Eva Garcia was my best friend in eighth grade.  Eva was at the height of desirable fashion.  She wore dark blue jeans and striped tops from the Gap.  Her scrunchies matched her shirts and her socks.  Her dark brown hair glistened, and she wore “Heaven” perfume.  Eva and I got along grandly.  We would go to her apartment together after school and practice dance routines.  Sometimes Fong Fu would come over, too.  Fong and Eva were better dancers than I was- they were some of the best in eighth grade- but I could hold my own.  For the white girl in the posse, I wasn’t bad 😉

On those days, I would ride the bus home with Eva.  It would drop us off at the top of the old Gravel Pit, which was now more tastefully called the Forbes Creek Apartments.  We would hop off the bus, laughing and swinging our bags.  It seemed like Melina was always in front of us, walking about fifteen feet ahead, slowly, looking at her feet.  Eva would start goading her.  Hey Melina, she would call out.  Why do you shop at Value Village?

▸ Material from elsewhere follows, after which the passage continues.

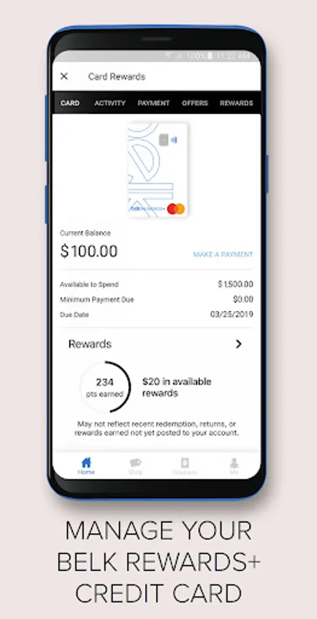 Manage your Belk Rewards credit card account easily from the app. Plus, see how many Belk Reward Dollars you have available to spend and apply them easily at checkout.

Then she would giggle hysterically and look at me, her eyes full of expectation.  Now it’s your turn, they seemed to say.

So despite the bad feeling that was accumulating in my heart, I would taunt her, too.  Yeah, Melina, I would say to her narrow back, her sloping shoulders.  You look like a bum!  Melina never said anything, just walked on, and disappeared down the trail through the woods.  Eva and I would continue on our way, bouncing and giggling along the sidewalk.  I would try to forget the shame I felt, the darkness that seemed to fan my heart.

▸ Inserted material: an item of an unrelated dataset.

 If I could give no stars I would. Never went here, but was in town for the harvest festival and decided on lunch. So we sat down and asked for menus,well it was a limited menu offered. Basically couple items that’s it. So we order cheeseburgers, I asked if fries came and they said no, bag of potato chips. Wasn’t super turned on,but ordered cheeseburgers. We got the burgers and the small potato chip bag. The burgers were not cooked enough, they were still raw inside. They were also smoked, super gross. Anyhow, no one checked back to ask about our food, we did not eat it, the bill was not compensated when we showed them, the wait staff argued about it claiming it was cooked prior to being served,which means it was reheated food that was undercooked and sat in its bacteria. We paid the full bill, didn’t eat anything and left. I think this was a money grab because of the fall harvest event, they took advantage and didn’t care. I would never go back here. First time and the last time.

One day we got off the bus and began the usual routine.  Hey Melina, you look like a homeless person!  Yeah, Melina, why do you wear rags?!  Then she turned around.  She stopped and stood perfectly still, and suddenly I was aware of my legs moving beneath me as though they had a will of their own.  We were coming face to face with her and I was afraid.  I didn’t know what to do.

Why do you always tease me? she asked simply.  Why does it matter where I shop? Eva and I were floored.  We stopped about ten feet short of Melina, our hands on our backpack straps, our mouths open.  We didn’t say anything.  I think I stuttered, but no real words came out.  Then Melina turned, her back very straight, and walked on, disappearing down the path in the woods.  We stopped teasing her after that.  We never said a word.  I don’t even think Tania and I talked about it.  There was just a silent acknowledgment.

At Christmastime, Melina brought homemade candles to school as gifts.  She gave me one.  It was multi-colored, and when I lit it, the beeswax slid down the sides like a rolling rainbow.  She never said a word about the past, and only smiled at me in a serene, happy way when I accepted her gift.  I loved her after that.

In high school, Melina was friends with those hippie girls with the long hair that parted down the middle.  They would sit together at lunch, taking bananas out of paper bags, eating tofu and brown rice.  They were artsy and creative, the amazing painters, or sculptors, or budding musicians.  They were cool in their own right.

Melina and I never became good friends, but I always felt a gentle acceptance from her.  Oh, Sarah… she would say sometimes, if I shot up my hand to answer a question, or I skipped into math class with an armful of bagels and cream cheese for the girls at my corner table.  She always had that expression of acceptance and amusement on her face, shaking her head slightly, a small smile on her lips.  Oh, Sarah…

I never understood what I did to make Melina forgive me.  But you know what?  I didn’t do anything.  Melina just had a wisdom at fourteen that I had only begun to glimpse at twenty four.  She saw that forgiveness is the best way, the easiest way, the path of least resistance.  She made me a candle, and she made a friend.  May forgiveness come so easily to all of us.